In the end, she was painful to watch, computing her odds with her own math, unflinching and deep in denial. But like a car wreck, you just can't look away.
Obama made history, but all eyes are on Hillary. We can't help it — she's makes excellent TV.
Obama's soaring speeches caused generations to time travel back to the age of Camelot, where he and Michelle could be the young king and queen to a young and still dreamy America. Obama is the stuff of Life Magazine: oozing charisma in grainy black and white.
That charisma and the internet — it's powerful alchemy.
Hillary, on the other hand, is very much about today. Reality-TV today. Bill Clinton in a brawl with a college student in YouTube today. Chelsea: None-of-your-business today. Hillary in tears, why-don't-you-like-me today. Hillary in SNL, Live from New York It's Saturday Night today.

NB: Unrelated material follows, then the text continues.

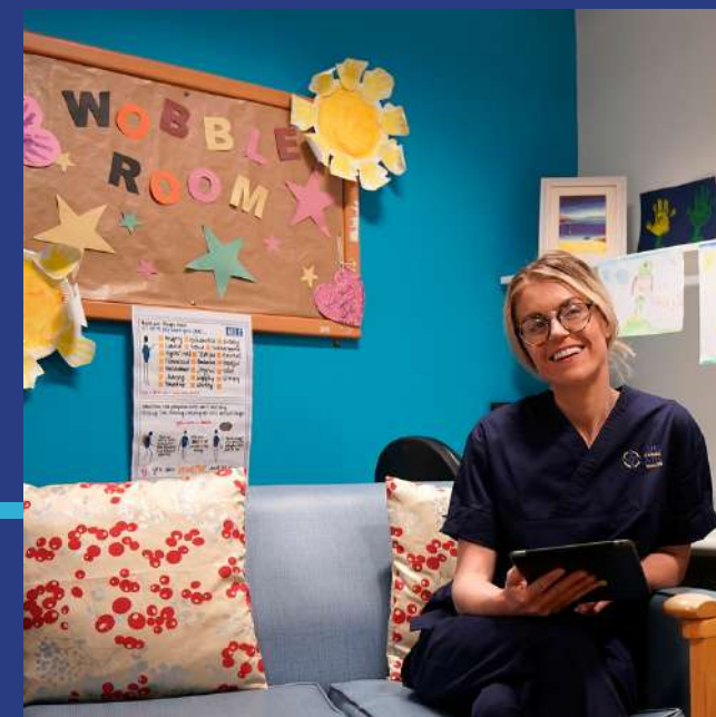
Tablets and digital devices for staff & patients
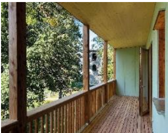
Florian Nagler Architekten, Munich Research House, Bad Aibling, Germany

Today, the CNN panel post mortems the car wreck that was her campaign. There is a riveting flashback of what went horribly wrong. The lost message. The Bill factor. The sniper fire story that backfired. Like Anna Nicole's descent and Britney Spears' breakdown, the collapse now looks inevitable. And cruelly entertaining.
No wonder Hillary doesn't quit. We pundits just wouldn't know how to go on.

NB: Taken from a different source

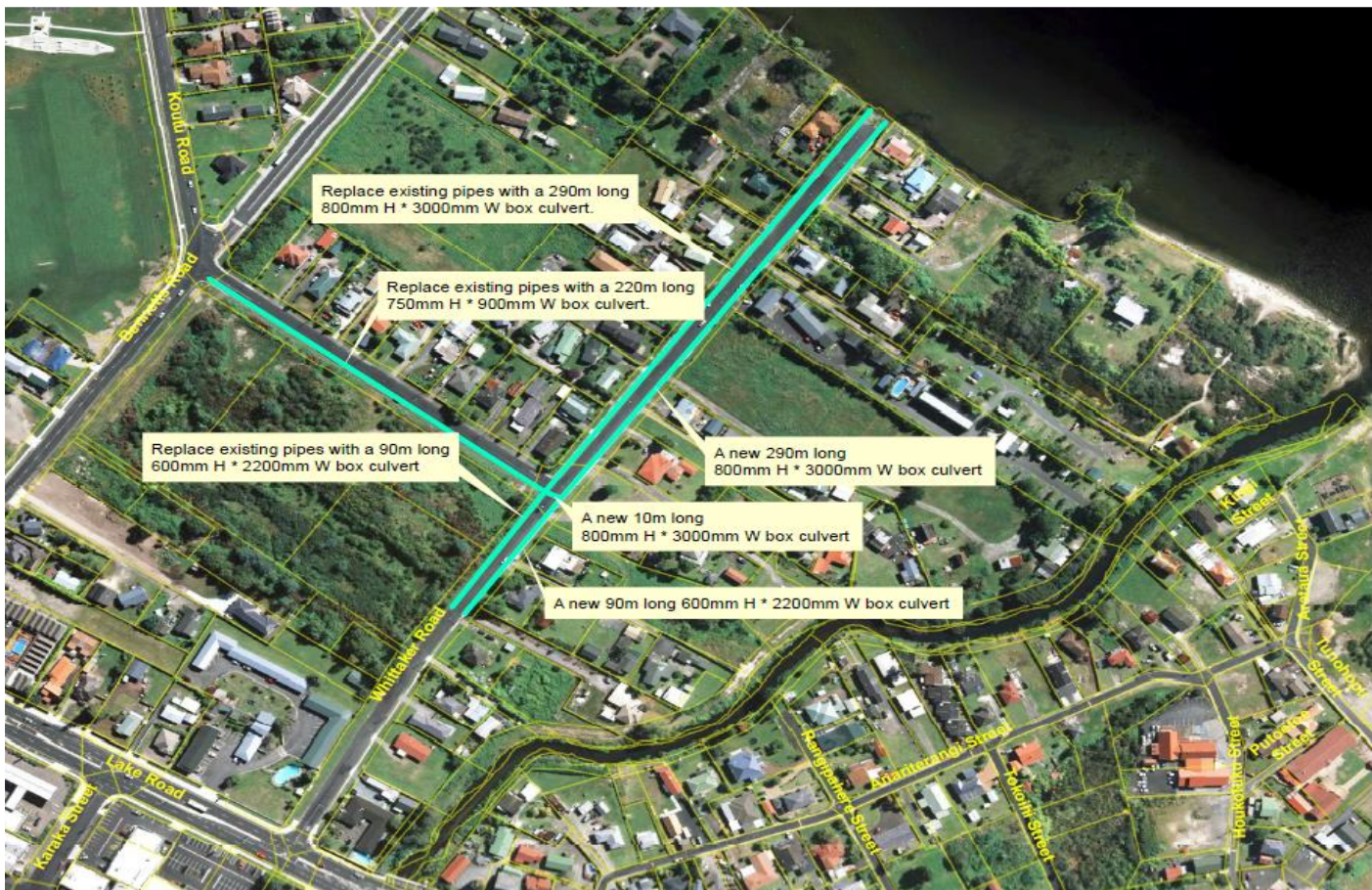
Figure 4. West 08 - East of Bennetts Road proposed works

Television has always been about high contrasts. Heroes against villains. Pros versus Cons. The powerful versus the marginalized. Rich versus poor. Doves against Hawks.
And the Hillary-Obama match made in TV heaven. For a medium largely concerned with images and sound, it could only see black versus white, man against woman, the strong but tempered voice of Obama versus the near-shrill Hillary screaming Choose Me! Choose Me!
What is life without Hillary? In a word, McCain. A man who disappears in the glare of television and is either in the shadow of Bush, or worse, behind his wife Elvira. With the entire Republican machinery solidly behind him, and with a head start of several months, the best McCain could come up with was: "That's Not Change We Can Believe In."
Huh. Dude, are you sure you want to go with that? Do you need another couple of months to think of another line?
I don't know. He survived torture in enemy hands, but I wish he had gotten more out of it than the ability to walk like a hotdog. Obama's going to cream you.
Some good will come out of this. Jon Stewart will have a field day. David Letterman and Steven Colbert, too. What we will lose in depth and heft, we will make up for with jokes. But after months of nail-biting suspense and a shifting landscape only John King could navigate with his magic board, it's becoming increasingly clear that, yes, we will be bored.
I hate Hillary and I miss her already.